To: benwood who wrote (71223)12/1/1999 12:20:00 PM
From: Michael Bakunin  Read Replies (1) | Respond to of 132070
 
Funny, the coverage I read (including on-the-spot stuff from Seattle outlets) made it sound like a small group of vandals were destructive, and the remaining demonstrators merely obstreporous. The NYT quoted one group of the latter shouting "for shame!" at the former. Almost sounded cute. -mb



To: benwood who wrote (71223)12/1/1999 12:25:00 PM
From: SeaViewer  Read Replies (1) | Respond to of 132070
 
When the bubble bursts, there will be many Mark Barton (the Atlanta shooting) on Wall Street.



To: benwood who wrote (71223)12/1/1999 12:25:00 PM
From: Mike M2  Respond to of 132070
 
Ben, just a little sample of what an angry mob can do. I keep my viewing of mainstream press to a minimum but I was aware. The press loves the Clintons- I despise them. Thank God for term limits and I am glad that I don't live in NY ho ho ho TL & EV will not be a myth! Mike



To: benwood who wrote (71223)12/1/1999 7:15:00 PM
From: Freedom Fighter  Read Replies (1) | Respond to of 132070
 
Ben,

This is one the big reasons for my constant anti Wall St and financial media rhetoric.

Assumimg I'm right about this market being a big bubble, then it isn't going to be pretty when it ends.

Based upon my observations of middle class co-workers and friends, a lot of them aren't going to be middle class when this is over.

They are extremely leveraged to real estate assets whose value is partly tied to Wall St. and banking profitability, they are 100% invested (or close), some are selling puts or on margin, and I would go as far as to say when "it" hits the fan some of them are going to be unemployed.
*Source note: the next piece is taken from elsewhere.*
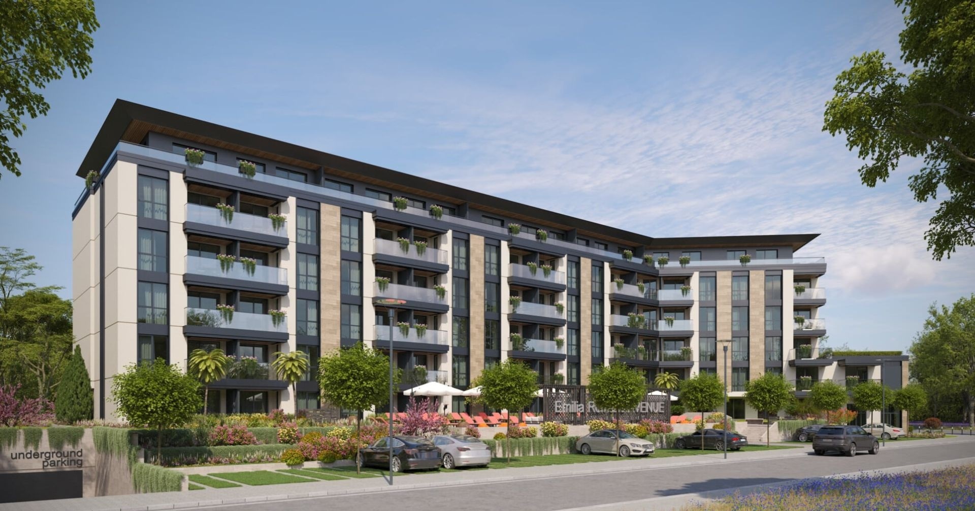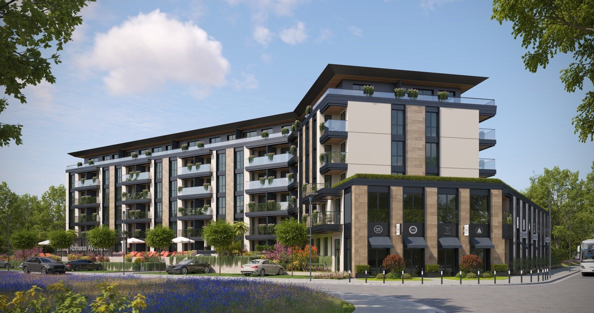 Emilia Romana Avenue — наш новый проект на Солнечном Береге, расположенный всего в 200 метрах от песчаных дюн и пляжа. На участке площадью 4020 м² запроектировано шестиэтажное здание современного архитектурного стиля с подземным уровнем (-1), где предусмотрены паркинг и кладовые, а на территории комплекса — открытые парковочные места.

Wall St and the financial media have evolved from industries whose job it was to raise capital and market investment information into industries whose job it is to sell stocks to the public at any price, promote equity ownership, pressure corporations into maximizing stock prices instead of business value, and transfer wealth from outside investors to high level managements, venture capital firms etc...

I think there's very high probability that there's going to be an enormous backlash against Wall St. and corporate America when this thing blows. It wouldn't surprise me in the least if some less stable souls get violent.